La nueva adaptación de la novela argentina no encuentra su razón de ser y se pierde en contrastes superficiales. A pesar de enmarcarse en un contexto interesante, el único elemento destacable acaba siendo su reparto.
La novela del argentino Manuel Puig ya fue adaptada en los años ochenta por Héctor Babenco y, entonces, esa versión logró cuatro nominaciones a los Oscar de 1986 y se alzó con la estatuilla de mejor actor para William Hurt. Cuarenta años después, El beso de la mujer araña es víctima de esta tendencia a readaptar obras preexistentes sin detenerse previamente a cuestionarse si existe algo nuevo que añadir. Es aquí donde la versión de Bill Condon tropieza.
La puesta en escena de esta aproximación resulta artificiosa, se configura con un carácter casi procedimental que no profundiza sobre sus cuestiones de fondo y peca de un frívolo contraste cromático y argumental. Por un lado, está la trama más dramática, donde se ahonda en el contexto de la dictadura militar brasileña y la persecución tanto a opositores políticos como a grupos acosados como los homosexuales. Esta parte se recubre de un tono plomizo que acentúa la dureza del entorno y una cierta reiteración que desgasta el argumento.
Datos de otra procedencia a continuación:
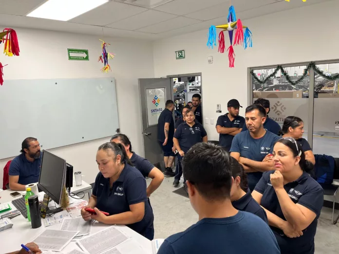 El Sindicato Nacional llevó a cabo la entrega de tarjetas navideñas para trabajadoras y trabajadores de la planta BMW en San Luis Potosí, en una jornada que destacó más por el contacto directo con la base laboral que por el beneficio económico mismo.
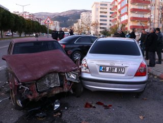 Araç önce yol kenarında park halindeki 01 ALG 27 plakalı otomobile, daha sonra cadde üzerinde seyir halinde olan 46 LT 990 plakalı otomobile çarptı. Hızını alamayan otomobil, park halindeki 46 ABY 837 plakalı otomobile çarparak durdu.
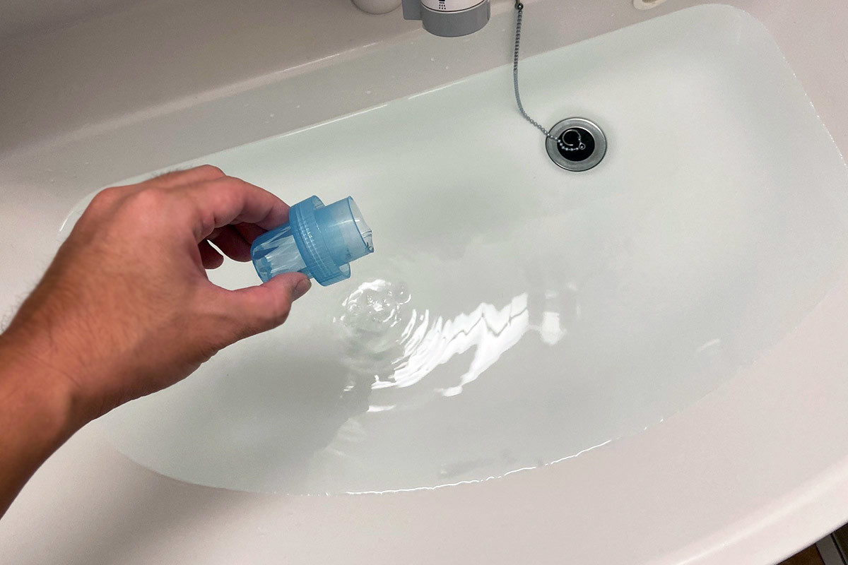 まず、洗面台のシンクに栓をして水をためます。このとき、30度以上のお湯を使うと繊維を痛めてしまう恐れがあるので、触って冷たいと感じないくらいのぬるめが適温です。水をためたらアクロンを適量投入します。軽くかき混ぜたら、洗濯ネットに入れたセーターを入れ、やさしく押し洗いします。時間は2~3分くらいでOK。
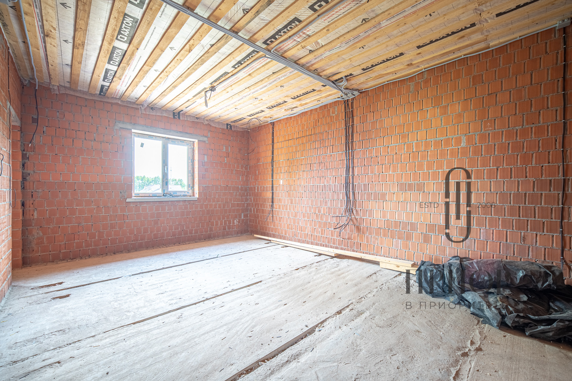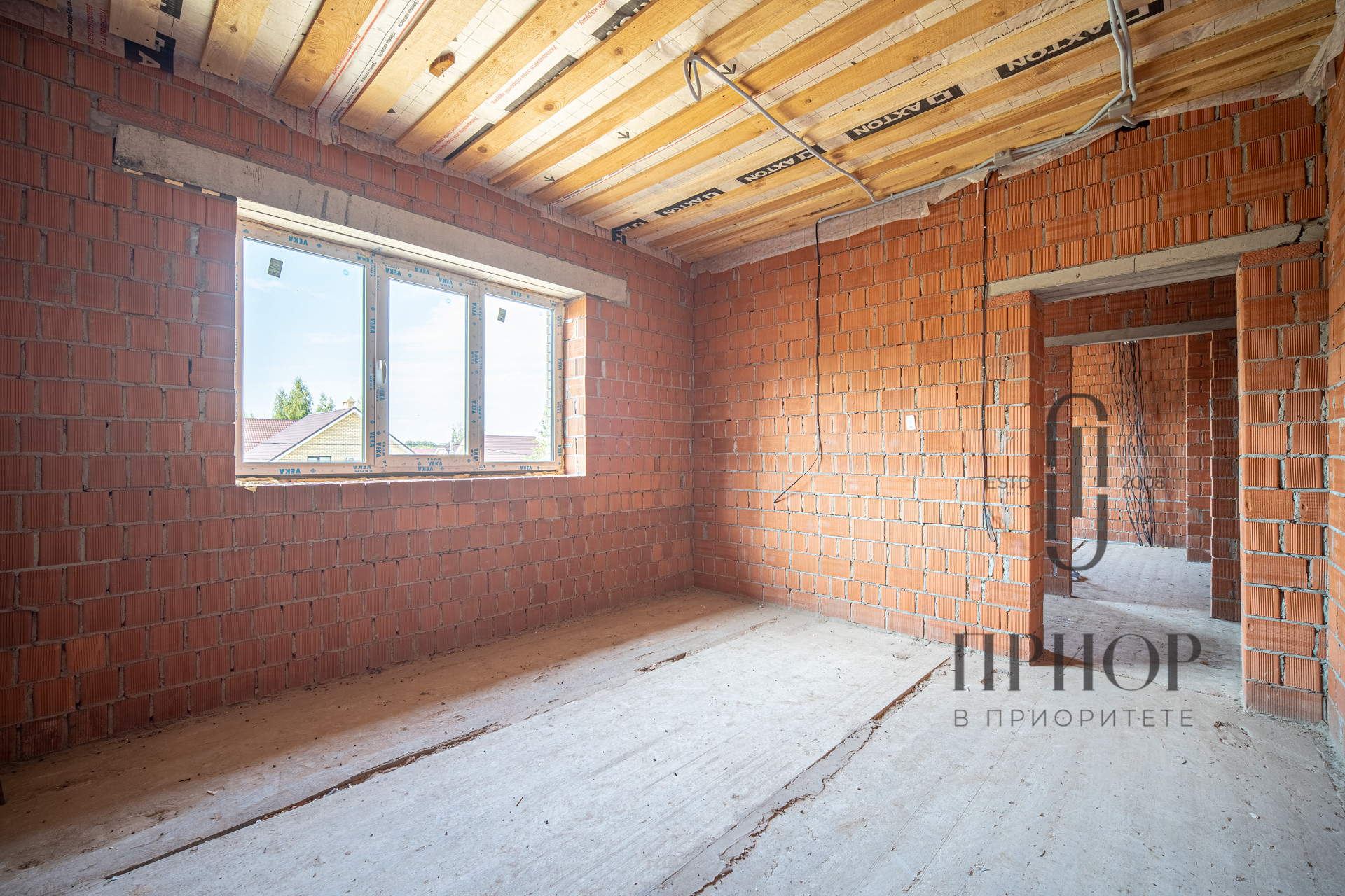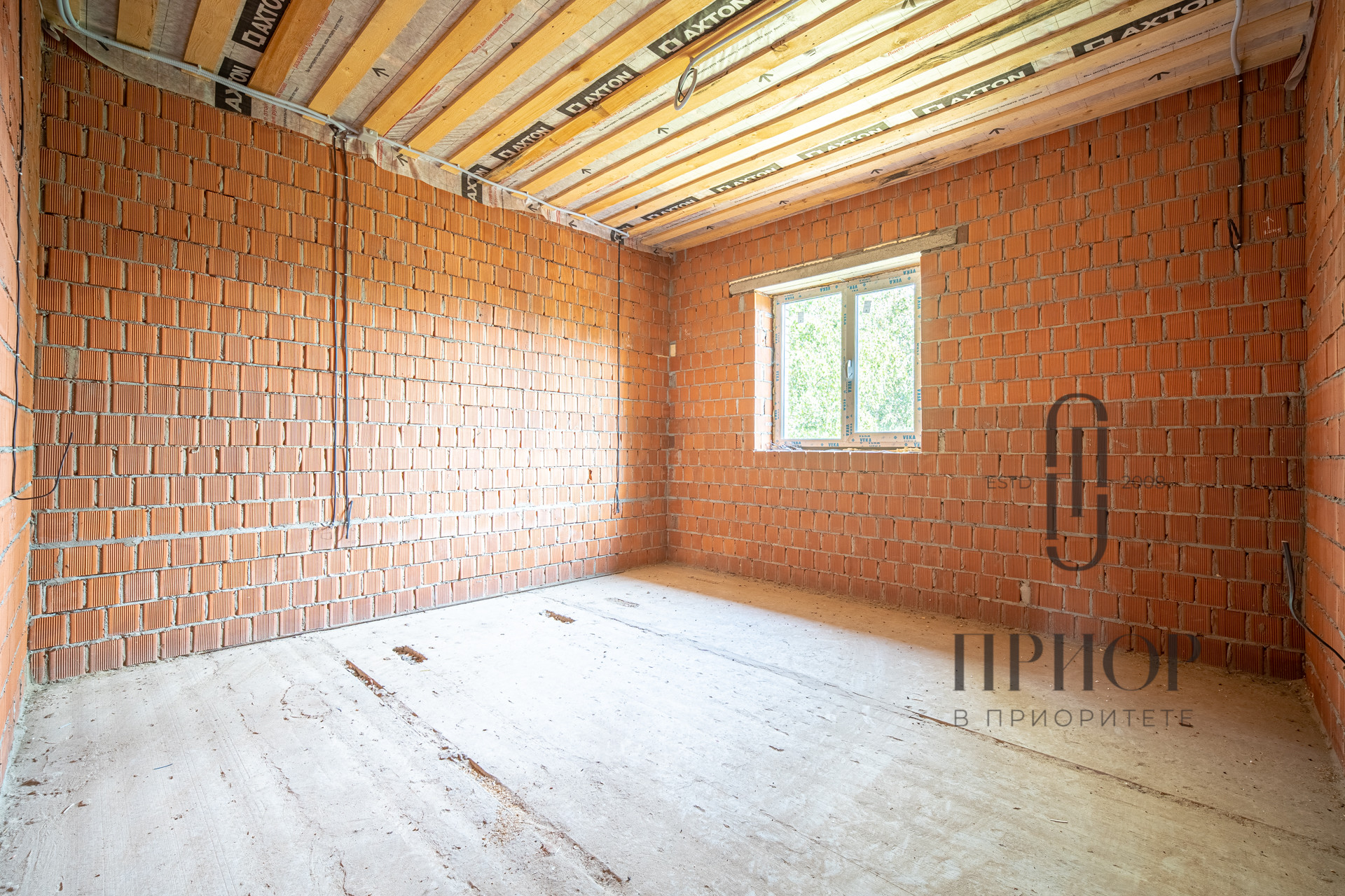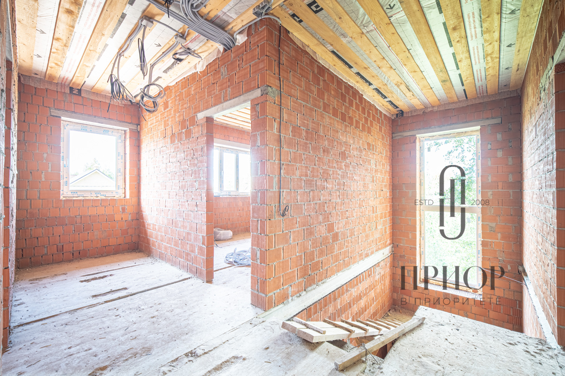 Дом строился постепенно с соблюдением необходимых сроков, в первый год был поднят и выровнен участок, залит ленточный фундамент на сваях, во второй год возведены стены и установлена кровля. За это время дом прошел проверку временем и готов к внутренней отделке.

Por otro lado, la película, narrada por uno de los personajes, sirve como escapismo al encarcelamiento, se tiñe de un brillante technicolor de colores saturados y se mueve en el terreno del musical sin llegar a ofrecer espectaculares y variados números inolvidables.
Esa contraposición entre la realidad y el mundo de fantasía se ve hilado con paralelismos un tanto explícitos y verbalizados que tan solo enfatizan la ausencia de un tratamiento crítico del trasfondo de la historia. Con El beso de la mujer araña, Bill Condon avanza por terrenos ambiguos y se muestra indeciso. Así, la cinta no acaba de ser del todo una oda a la amistad, tampoco se detiene a meterse en los resquicios del ambiente sociopolítico –aunque sí que apunta a una posibilidad de cambio–, y no logra un equilibrio entre ese cine para evadirse –el que celebra el personaje de Luis Molina– y ese para reflexionar.
Si el espectador busca ir más allá, quizás sí encuentre cosas de las que tirar del hilo para ahondar por su cuenta. Y si no le es posible, es cierto que encontrará en el entregado reparto –protagonizado por Diego Luna, Tonatiuh y Jennifer Lopez– un vibrante aliciente para llegar hasta el final del visionado.
Firma: Yoel González
Argentina, mayo 1983. Luis Molina, un homosexual condenado por escándalo público, es encarcelado junto a Valentín Arregui, un preso político del que el régimen intenta extraer información relevante. A pesar de ser aparentemente opuestos en cuanto a su filosofía de vida, poco a poco va surgiendo un vínculo entre ambos y Molina consigue ganarse la confianza de Arregui a través de la narración de la trama de su musical de Hollywood favorito. Este deviene una forma de evasión para ambos.